Si complementamos esta información con datos del Laboratorio
Latinoamericano para la Evaluación de la Calidad Educativa,
Unesco, surge otra evidencia impactante para la Argentina:
el descenso operado desde 1997.
Nuestro país, que supo ser líder en la región, ha pasado a
tener peores resultados que Cuba, Chile, México, Brasil,
Uruguay y Colombia. Y si a esto le sumamos los cientos de
miles de alumnos que abandonan, la repitencia, la toma de
escuelas, advertimos que, pese a todos los esfuerzos que se
han hecho (ej. más inversión, nuevas leyes, mejoras
salariales) algo anda muy mal y que estamos frente a un
problema mayúsculo: la calidad de la educación argentina no
es buena. Y éste no es un problema de un gobierno, sino de
nuestra sociedad civil. Que lo reconozcamos e identifiquemos
como el principal desafío que debemos enfrentar juntos todos
los argentinos es el objetivo de estas líneas.
Cuando caemos en la cuenta de que padecemos una enfermedad
grave, toda nuestra energía se vuelca contra ella para
vencerla, sea a través de cirugía o del tratamiento que
fuere. Pues entendámoslo: la Argentina está enferma de mala
educación. Que más del 50% de los adolescentes argentinos no
sepa leer es equivalente a una enfermedad de las que pone en
riesgo el futuro; en este caso, del país. Mala calidad
educativa es sinónimo de ignorancia, y la ignorancia es el
principal enemigo de la libertad y de la inclusión social.

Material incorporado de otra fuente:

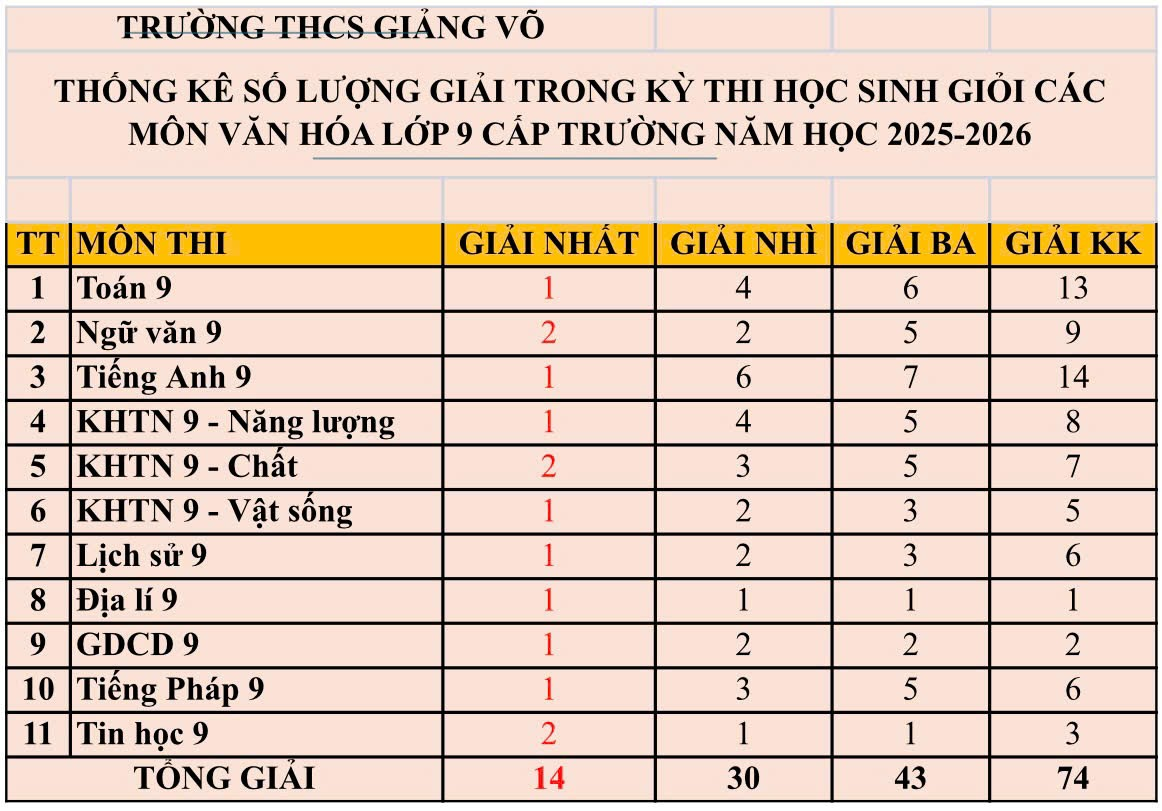 Kết quả ấn tượng của các em học sinh tại kỳ thi chọn Học sinh giỏi lớp 9 cấp Trường đã khẳng định chất lượng đào tạo mũi nhọn và hướng phát triển bền vững của trường THCS Giảng Võ. Thành công của kỳ thi là nền tảng quan trọng để nhà trường tiếp tục phát hiện, bồi dưỡng tài năng, chuẩn bị lực lượng học sinh ưu tú cho kỳ thi Học sinh giỏi lớp 9 cấp Phường và Thành phố trong thời gian tới.

Carecer de conocimientos es el mejor caldo de cultivo para
que crezca la pobreza, la desnutrición y la inseguridad, y
hasta es el camino para perder la democracia. ¿Hay algo
entonces más urgente para los argentinos que atacar el
problema de la falta de buena educación? Debemos aceptarlo.

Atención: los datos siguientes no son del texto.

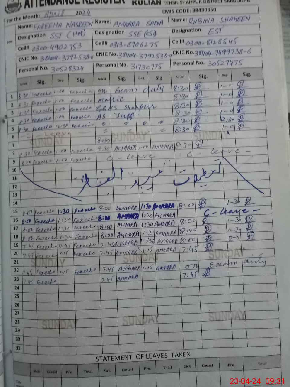 | 38**** | Sy**** Na**** Ba**** | 3 | 1 | 0 | 0 | 0 | 0 | 0 | 0 | 0 | 0 | 0 | Exam Duty |

Vale para despabilarnos, que nos repitamos la famosa frase
de la época de Clinton, adaptada a esta situación: "¡Es la
educación, estúpidos!"
Una cosa es lo que técnicamente debe hacerse como política
educativa y otra es la que cada uno de nosotros puede y debe
hacer. En lo que respecta a lo público, investigaciones
internacionales muy serias, como el Informe Mc Kinsey 2010 (http:educar-2050.blogspot.com/),
indican cuáles son las medidas por adoptar. Se comparan allí
sistemas educativos de todo el mundo confirmando que hoy los
países pueden conseguir mejoras sensibles en educación en
cinco o seis años. Nuestra ley nacional de educación
contempla esas medidas. No es necesario "reinventar la
rueda". Todos sabemos que mejor calidad educativa es
esencialmente sinónimo de mejor enseñanza de los maestros.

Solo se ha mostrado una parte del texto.